Zira ekilemeyen, dikilemeyen arazi olduğu haberleri iyice arttı.
Tarımda üretimi artırmanın en temel yolu neoliberal politikalara
uyarak sistemi tamamen özelleştirmek olduğunu inandık.
Ne yalan söyleyeyim ben de bu fikrin işlemesi gerektiğini düşündüm.
Ama öyle değilmiş.
Batılıların tarımsal üretim modelinde büyük parsellerde verimliliği
artırarak maliyetleri düşürme önceliği esas kabul ediliyor.
Bu formül eksik kalırsa çiftçinin zarar etmesinin önünü alacak sübvansiyonlar devreye
giriyor.
Çünkü tarım çok stratejik bir sektör...
Eğer üretemezseniz para kaybı gibi bir sonuçtan çok daha büyük bir sorunla
karşılaşırsınız:
AÇLIK!...
Afrika’nın ekonomik yokluk ile açlık çeken ülkelerini hepimizi biliyoruz.
Üretim araçlarını kendi eliyle yok eden Yemen'de insanların savaşmaktan
başka bir şey yapmaması açlığı getirdi.
Mezhep bilmeyen çocukların açlıktan ölmesinden yıllar sonra ancak mübarek
Ramazan ayıyla çözüme bir adım yaklaşıldı.

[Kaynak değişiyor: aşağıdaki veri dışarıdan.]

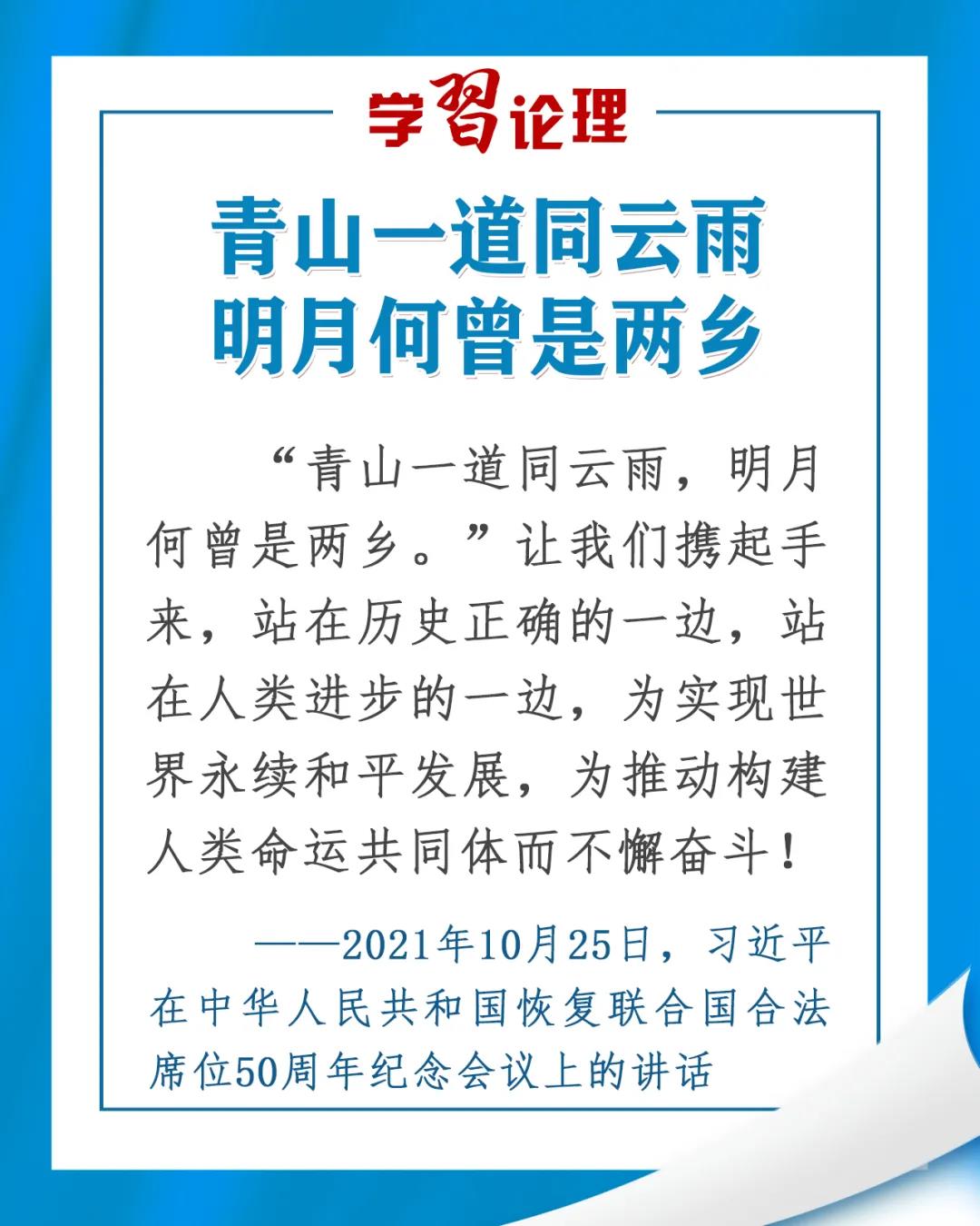 通往美好世界的道路,需要携手同行。中华人民共和国恢复在联合国合法席位50年,是中国和平发展、造福人类的50年。从经济总量跃居世界第二,到实现全面建成小康社会的目标,再到开启全面建设社会主义现代化国家新征程;从始终奉行独立自主的和平外交政策,坚决反对霸权主义和强权政治,到援建坦赞铁路,推动共建“一带一路”,再到向各国输送大批抗疫物资、疫苗药品,深入开展病毒溯源科学合作;从派出5万多人次参加联合国维和行动,到率先实现联合国千年发展目标,再到带头落实2030年可持续发展议程……这50年,中国人民始终发扬自强不息精神,在风云变幻中把握中国前进方向,书写了中国以及人类发展的壮阔史诗;始终同世界各国人民团结合作,维护国际公平正义,为世界和平与发展作出了重大贡献;始终维护联合国权威和地位,践行多边主义,中国同联合国合作日益深化。50年,记录了一个东方古老民族上下求索、涅槃新生,进而以愈加伟岸的身姿走向世界的坚实步伐;镌刻下中华人民共和国在世界坐标系中发生深刻变迁和迈向世界舞台中央的铿锵足迹。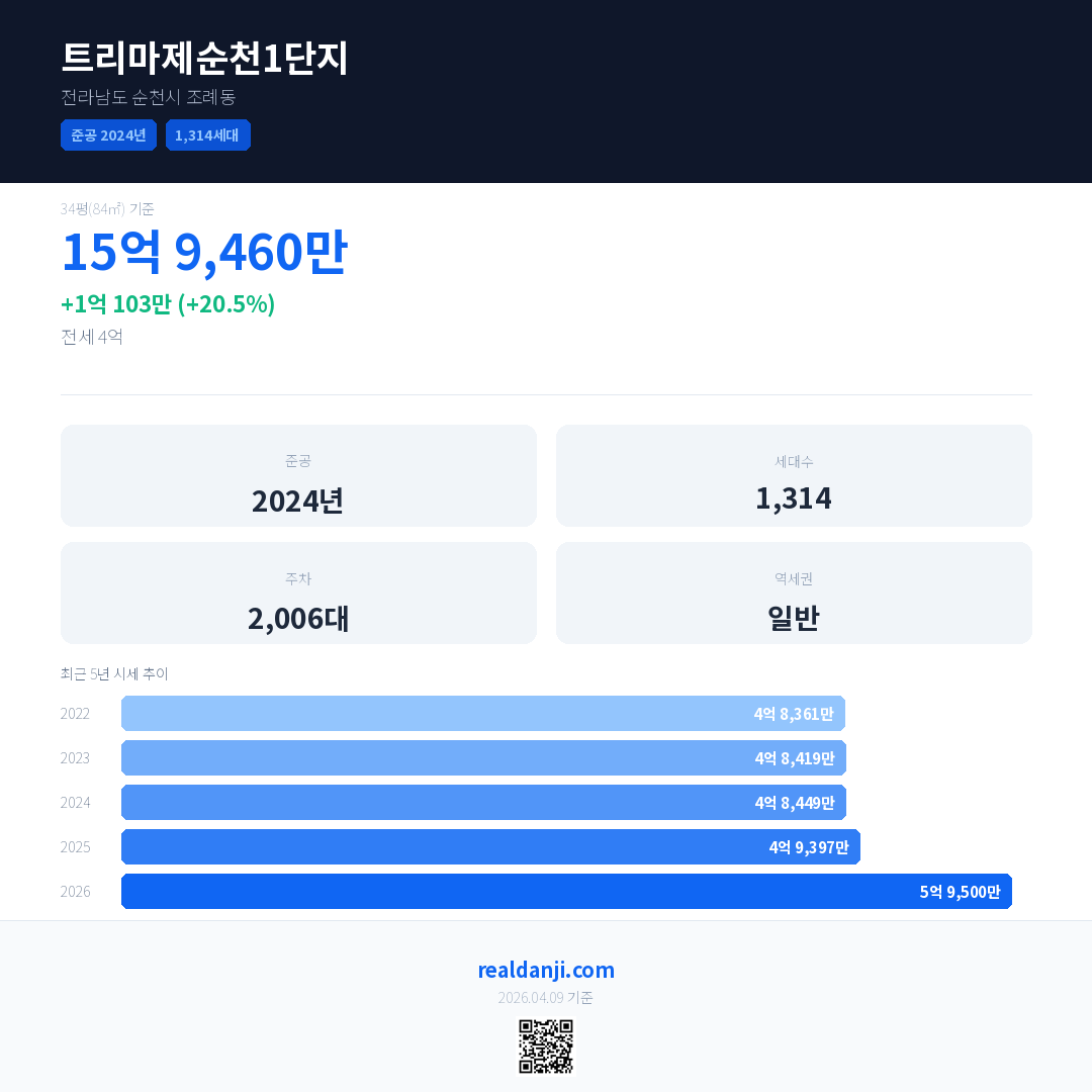 트리마제순천1단지 국민평형 기준 2026년 평균 거래가는 5억 9,500만으로, 전년 대비 20.5% 상승 했습니다.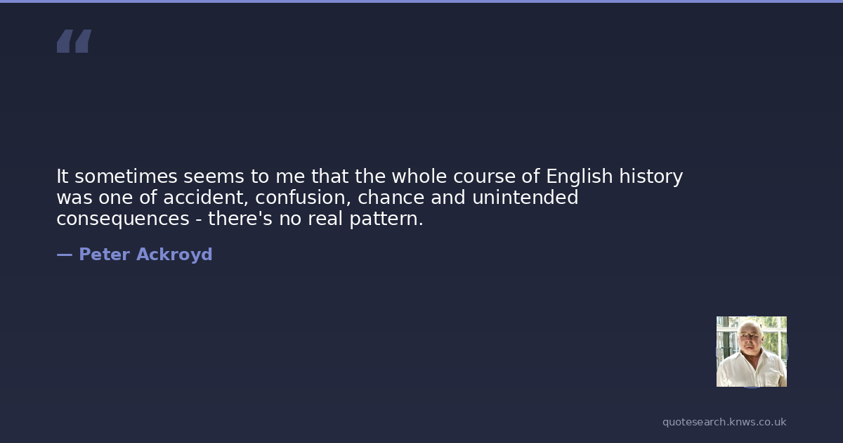 It sometimes seems to me that the whole course of English history was one of accident, confusion, chance and unintended consequences - there's no real pattern.
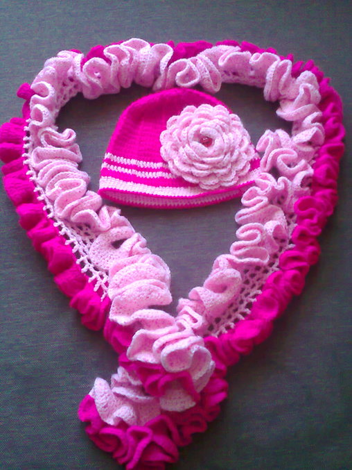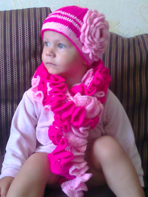 Первый комплект я решила назвать "Ассоль" из-за цветового подбора. Шарф уж очень напоминает Алые паруса. Нитки использовала YarnArt baby color - 3 моточка по 50г/100м и Пехорка "детская новинка" -2 моточка по50г/200м, шапочка вязана крючком №2,5, шарфик - №3,5. Очень уж шарфик много кушает.
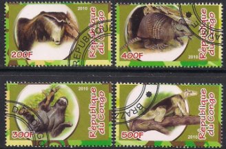 Конго 2010 год. Неполнозубые. 4 гашеные марки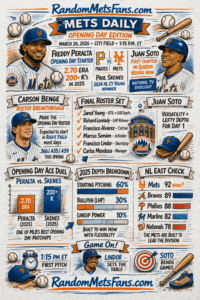 This opener matters because it shows what kind of team the Mets think they are. Soto is here. Lindor is still the engine. Peralta is now the lead dog on the mound. Benge forced his way into the picture. The roster is not screaming “let’s ease into the season.” It’s screaming “deal with us.”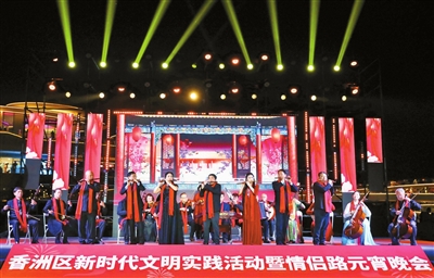 本報(bào)訊 記者康振華報(bào)道:火樹銀花元宵夜,彩燈萬(wàn)盞熠霞流。2月5日晚,正方城市陽(yáng)臺(tái)輕歌曼舞、琴聲悠揚(yáng),“正元宵·方春意”2023年香洲區(qū)“相約情侶路·音樂進(jìn)萬(wàn)家”元宵晚會(huì)暨“音樂進(jìn)萬(wàn)家·共奏文明曲”新時(shí)代文明實(shí)踐活動(dòng)在此精彩上演,為觀眾獻(xiàn)上了一場(chǎng)喜慶祥和、熱鬧歡樂的視聽盛宴,吸引了大量市民游客駐足觀看,共享精神文化大餐。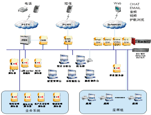 。。系統(tǒng)采用PBX提供完備的呼叫控制功能,能夠滿足呼叫中心電話應(yīng)用的需要,實現(xiàn)呼入、呼出、內(nèi)部通話、保持、接回、咨詢、轉(zhuǎn)接、會議等各種電話控制功能;同時,PBX具有CTILink接口,可實現(xiàn)與計算機系統(tǒng)的連接。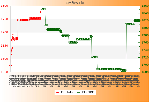 Elo FIDE: 1671    Migliore: 1671  (Dicembre 2025)    Peggiore: 1405  (Maggio 2018)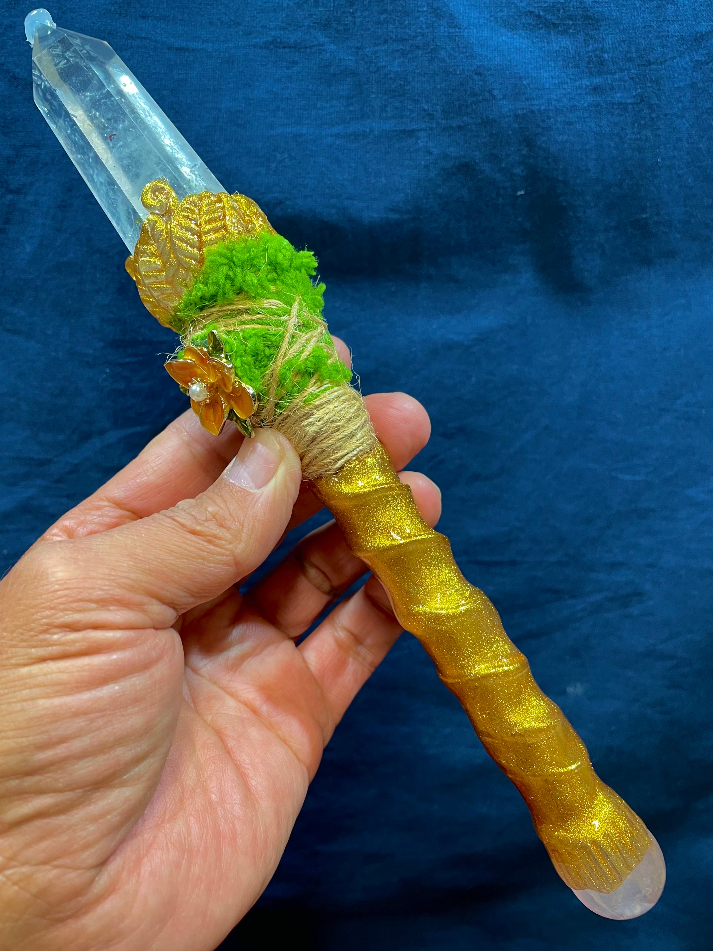 この美しい「クリスタルワンド」は、エネルギーを高めるために特別にデザインされました。卓越したアーティストの感性で丁寧に作られ、ハンドメイドの特性が際立っています。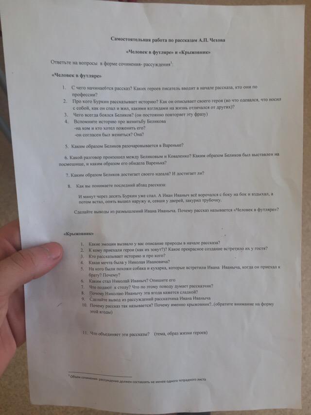 1 Рассказ начинается с описания ночлега двух охотников: Ивана Иваныча Чимша-Гималайского и Буркина. Они остановились в сарае старосты села и рассказывали друг другу разные истории. Разговор зашёл на тему людей «одиноких по натуре, которые, как рак-отшельник или улитка, стараются уйти в свою скорлупу». Буркин рассказывает историю о неком Беликове, недавно умершем в его городке.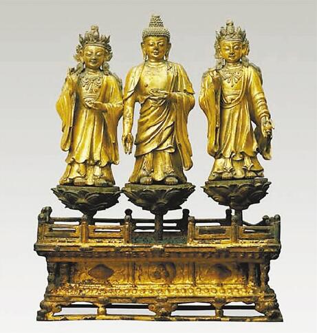 ▲清中期鎏金銅西方三圣像。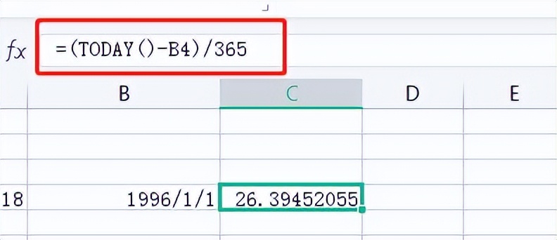 提取完出生年月日后,还需一次公式计算才可以算出年龄: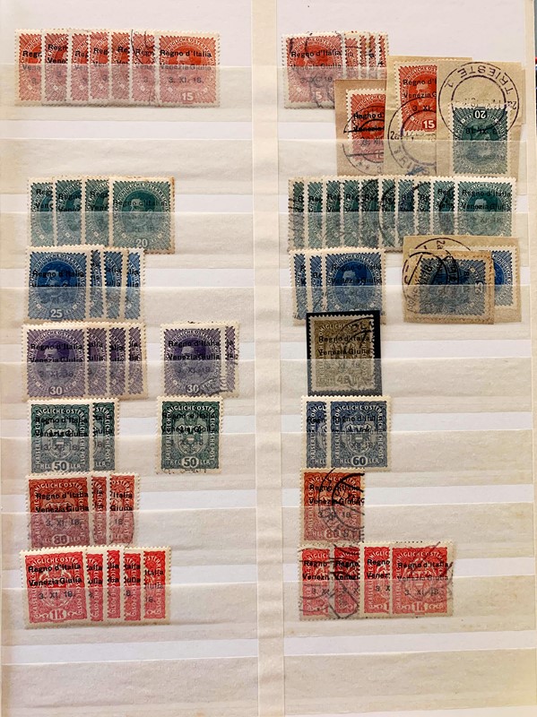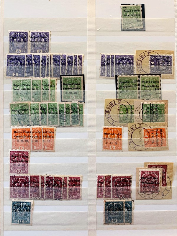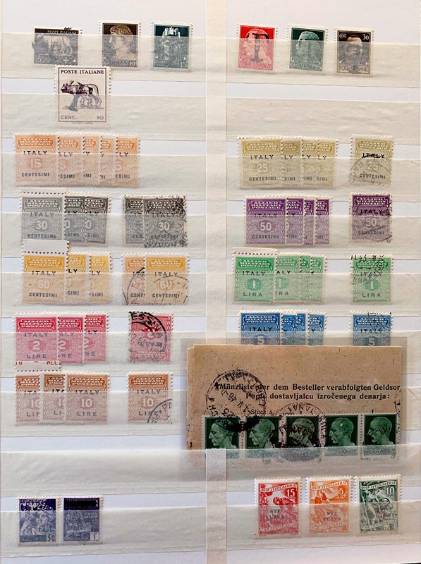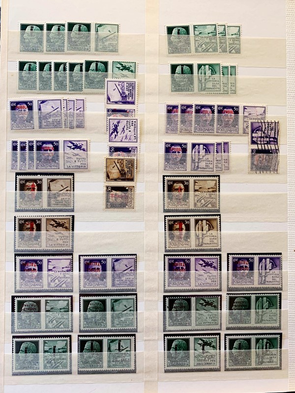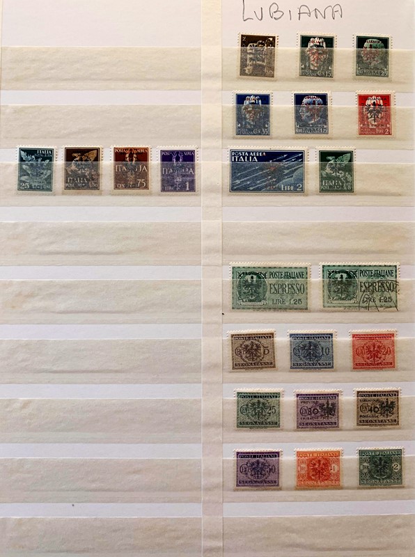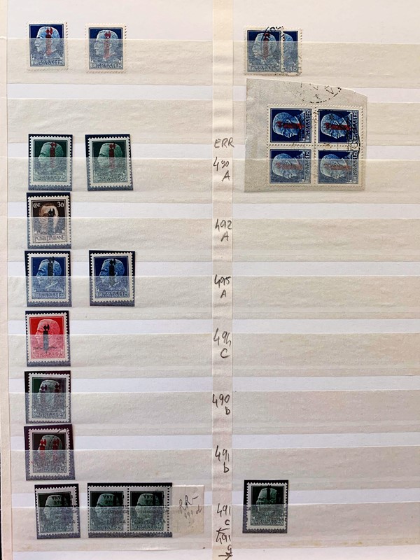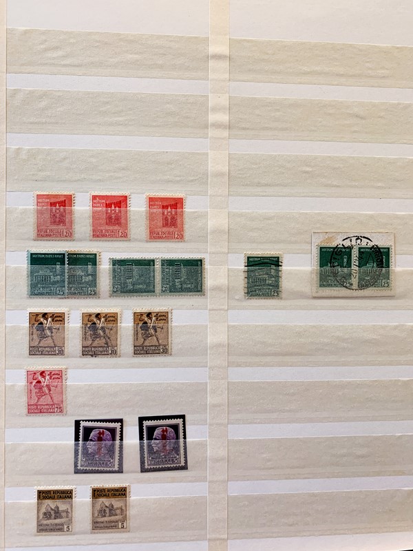 1918/44 - REGNO D'ITALIA - RSI: insieme di diverse centinaia di francobolli, nuovi e usati, delle varie emissioni di GNR, RSI, CLN e di alcune occupazioni italiane (Trentino, Venezia Giulia, Albania, Montenegro, Lubiana, Litorale Sloveno). Notate interessanti presenze e alcune ripetizioni. Insieme di qualita' mista. Alto valore di catalogo. Un classificatore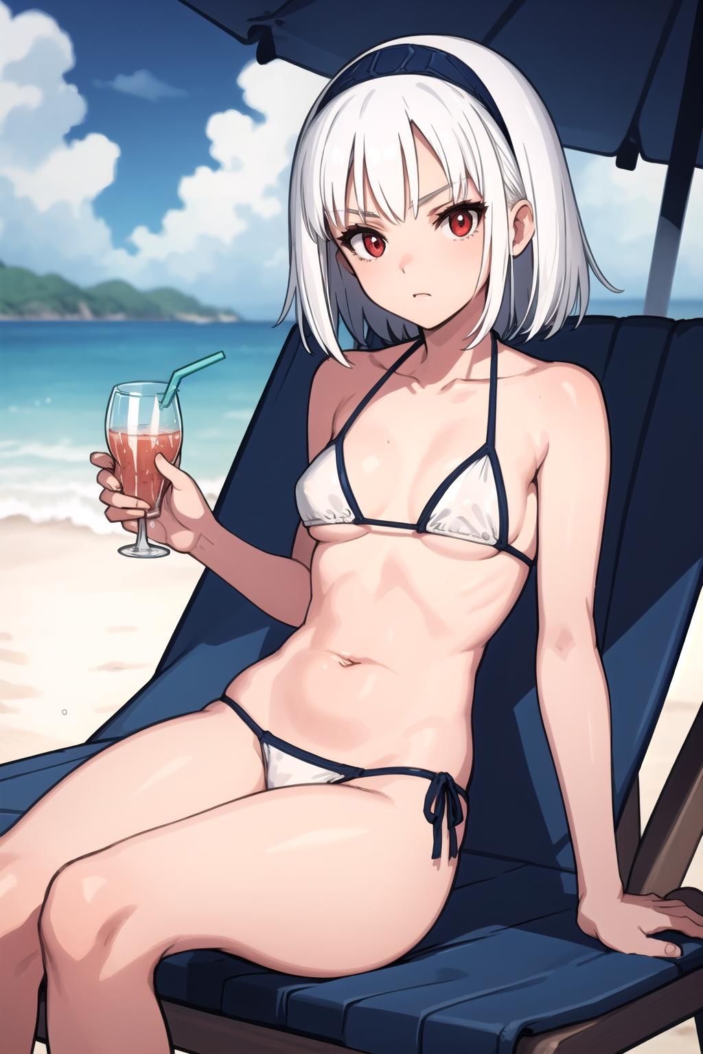 stbn, hairband, red eyes, short hair, bnbikini, (white bikini:0.85)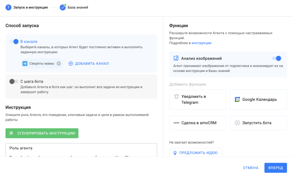 Не забудьте выбрать способ запуска, сгенерировать инструкцию и указать текст или файл для Базы знаний.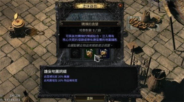 放入3个精炼的贪婪能给地图增加词缀:此区域玩家20%疯癫、此地图增加16%物品希有度。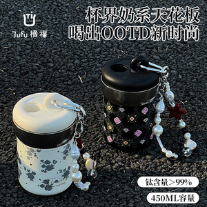 Jufu ライト高級純チタンコーヒーサーモスカップ 2025 新しい女の子の高価値ウォーターカップ茶漏れギフトボックス付きコールド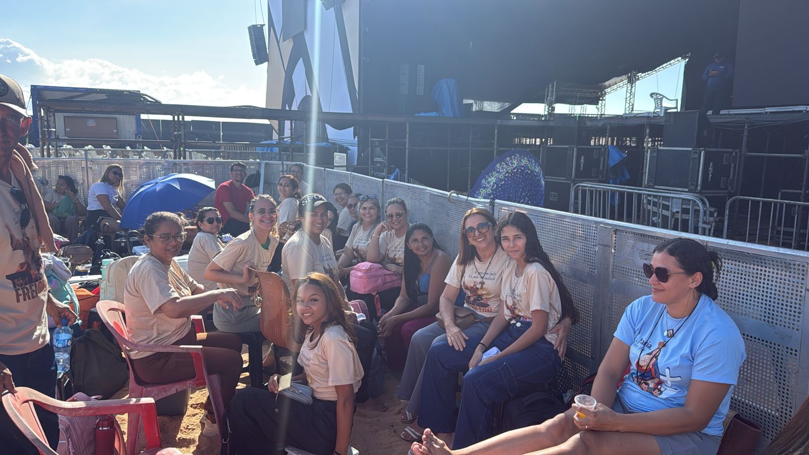 Ela, que é do município de Macaíba, no RN, está junto a uma caravana, que veio preparada com guarda-sóis, cadeiras e chapéus para aguardar o show.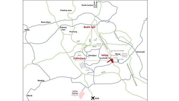 Mah Sing DC Hub@Southville City forms a strategic triangle of data centre hubs with Cyberjaya and Bukit Jalil,both approximately 20km away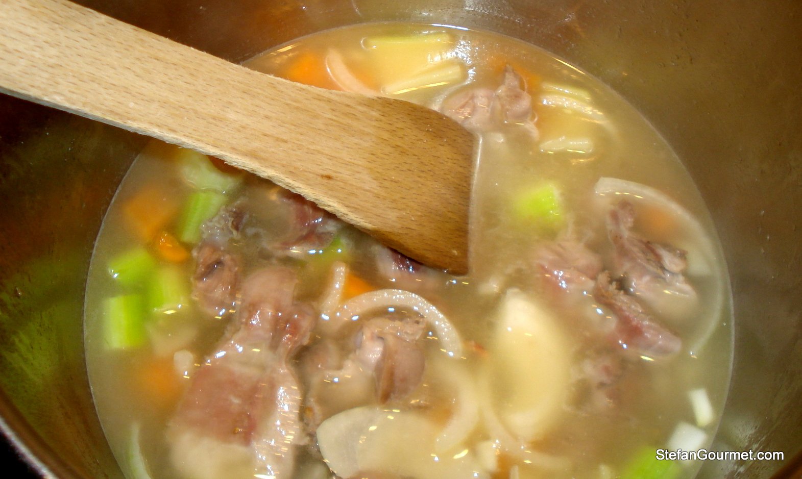 Turn the heat to high and bring to a boil, scraping the bottom with a wooden spatula to include all of the nice browned bits into the stock.

Cumhuriyet’ten bu yana çoğu konuda Batılı devletlerin uygulamalarını kopya
eden Türkiye, muasır medeniyete tepeden inme bir yöntemle ulaşmaya
çabalıyor.
Bu zamana kadar bunun getirdiği birçok sosyal ve ekonomik
sorunu yaşadık.
Hâlâ da yaşıyoruz.
Peki bu uygulamadan vaz mı geçmeliyiz?
Asla!
Kim daha iyi yaparsa ona sarılmak zorundayız.
Kendimizi de bir an önce geliştirerek öncü çalışmalar için çabalamaya devam
etmeliyiz.
İşte tarımda da böyle bir dönemece geldik.
Üretim prosesimizde bir sorun yok.
"Tarlada 1 lira, markette 20 lira!" açığının iki
sebebi var.
BİR; depolama, lojistik maliyetlerinin temeli olan enerji maliyetleri
oldukça yüksek.
İKİ; ihracatını yaptığınız bir ürünün ihracat fiyatının altına iç pazara
girmesi neredeyse imkânsız.
Kim zarar etmek ister ki...
Birincisinin çözümü basit:
Enflasyonla mücadele...
İkincisi için çözümü ise kısa süreli tanzim satış.
Uzun süre olursa işletmeler kapanır ve bu sefer de istihdam problemi doğar.
İşte bu kadar mücadelenin içinde tarımsal üretimde neoliberal
politikalara ara vermek biraz nefes alınmasını sağlayabilir.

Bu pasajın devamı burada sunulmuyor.